The World Malaria Report in 2020 showed the stagnation in control occurred between 2015 and 2019 with some countries reporting increased malaria cases (WHO, 2020). The rise in malaria vector speciesʼ resistance to multiple insecticides is a current major concern (WHO, 2020). There is experimental evidence linking vector resistance to factors suggesting greater transmission efficiency from Benin and Muheza, Tanzania (NʼGuessan et al., 2007; Asidi et al., 2012; Kweka et al., 2019). Furthermore, sustained malaria transmission has been recorded in areas with high resistance to multiple insecticides (Surendran et al., 2020; Bartilol et al., 2021; Soma et al., 2021). The frequency of pyrethroid resistance and underlying mechanisms may predict decline in the protection of LLINs against resistant populations of malaria vectors (Asidi et al., 2012; Yewhalaw & Kweka, 2016).

Combination LLINs with pyrethroid and synergist compound piperonyl butoxide (PBO) have been developed and deployed as an alternative tool against pyrethroid-resistant mosquitoes (Kweka et al., 2017a, b). PBO is a synergist compound that aims to block insecticide resistance caused by cytochrome P450 metabolic enzymes which often play a key role in detoxification of insecticides (Bingham et al., 2011; Stevenson et al., 2011; Yewhalaw & Kweka 2016; Kweka et al., 2017a, b). Pyrethroid-PBO nets have been shown to have improved efficiency to reduce malaria cases in areas with resistant populations of malaria vectors in Muleba, Tanzania, and across Uganda (Protopopoff et al., 2018; Staedke et al., 2020).

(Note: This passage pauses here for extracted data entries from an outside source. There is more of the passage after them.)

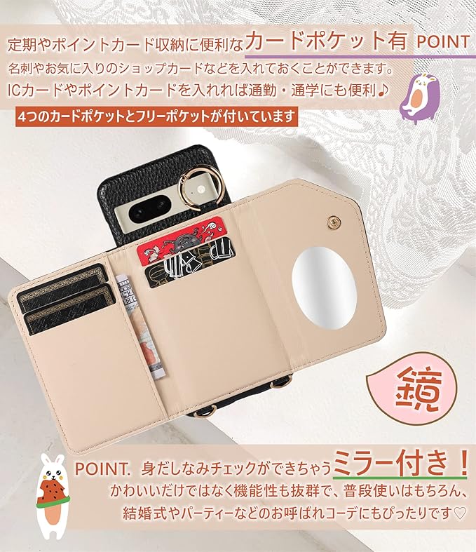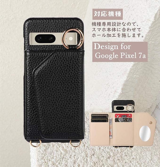 Google Pixel7A ケース ショルダー ストラップ FASY グーグル ピクセル7 カバー Google Pixel 7 スマホケース ショルダー タイプ ミラー 鏡付き グーグル ピクセル 7 スマホストラップ 肩掛け 背面手帳型 財布型 かわいい おしゃれ 革 耐衝撃 レザー スマホ 携帯 ケース ショルダーGoogle Pixel7A スマホ 携帯 ケース ショルダー 斜め掛け リング付き 首掛け ストラップ ブラック | KAZESHOP
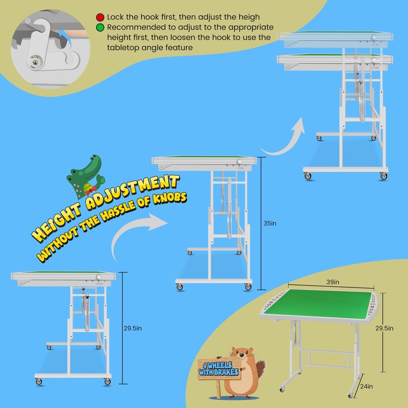 • EASY TO MOVE PUZZLE TABLE WITH WHEELS: A puzzle table with 4 Universal Castors, can be easily moved anywhere, any roller wheels can be locked to hold the jigsaw puzzle board where you want it. One person can assemble, move, and disassemble the puzzle table. Tips: When you need to adjust the height of the puzzle card table stand and the angle of the puzzle board, it is best to fix the wheels of the jigsaw easel table first to get a happy experience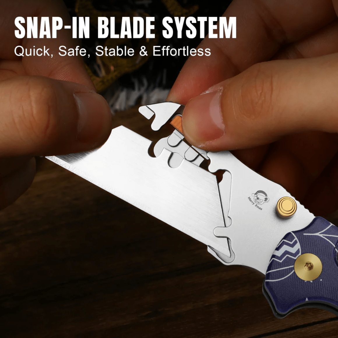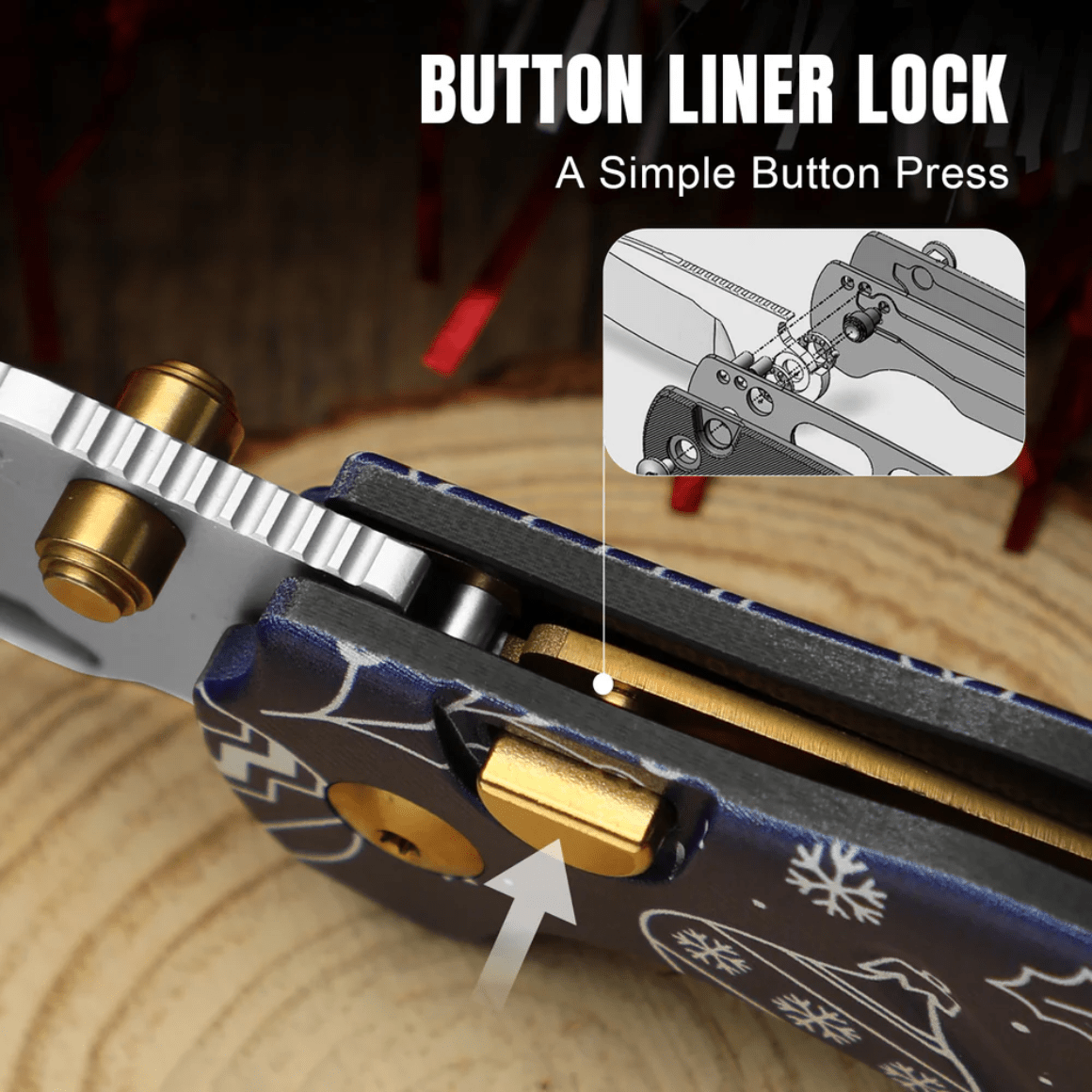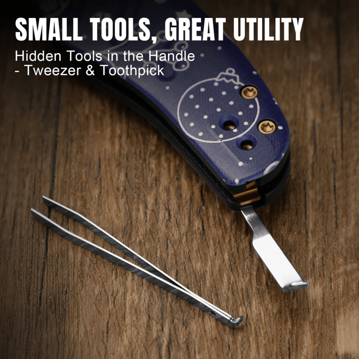 Rękojeść wykonana jest z materiału kompozytowego G10 w kolorze niebieskim z błyszczącymi świątecznymi ozdobami. Ergonomiczne bezpieczeństwo dzięki uchwytowi na cztery palce i profilowanemu kształtowi. W rękojeści ukryte są narzędzia - pęseta i wykałaczka.

The use of pyrethroid-PBO nets was advocated as a new step with an interim recommendation by the World Health Organization (WHO, 2019, 2020) for the efficient control of pyrethroid-resistant mosquito vectors. There are several pyrethroid-PBO net products in the market, some of which have PBO applied on the top of nets or on the whole net. Veeralin® LLINs produced by VKA Polymer Ltd, Tamil Nadu, India, is a new brand of LLINs alpha-cypermethrin-PBO, with PBO-treated on the whole net.

This study reports the phase II experimental hut trial of Veeralin LLINs in Muheza, Tanzania, an area with pyrethroid-resistant populations of malaria vectors Anopheles gambiae (s.l.) and An. funestus.

Materials and methods

Description of the test product

Veeralin LLIN is an alpha-cypermethrin pyrethroid ​+ ​PBO (incorporated into polyethylene) LLIN made of monofilament yarn (150 denier) containing 6.0 ​ ​± 25% g/kg alpha-cypermethrin and 2.2 ± ​25% g/kg PBO. Veeralin LLIN is manufactured by Vector Control Innovations Pvt Ltd., India, and has recently passed WHOPES Phase I efficacy criteria with 20 standard washes. Comparison of Veeralin LLIN was done against PermaNet 3.0 LLIN, which is a WHO PQT recommended pyrethroid ​+ ​PBO LLIN with a top panel made of monofilament polyethylene (100 denier) fabric incorporating deltamethrin at 4 ​g/kg (c.180 mg/m2) and piperonyl butoxide at 25 g/kg (c.1.1 g/m2). The side panels have 85 mg/m2 in the netting and 115 mg/m2 in a 70 cm border (i.e. 2.8 g/kg deltamethrin). DuraNet® is a WHO PQT approved pyrethroid-only LLIN manufactured by Clarke Mosquito Control (USA). Alpha-cypermethrin is incorporated into 150-denier, monofilament, high-density polyethylene fibres, with a target dose of 5.8  ± 25% g/kg AI, corresponding to 261 mg of alpha-cypermethrin per m2.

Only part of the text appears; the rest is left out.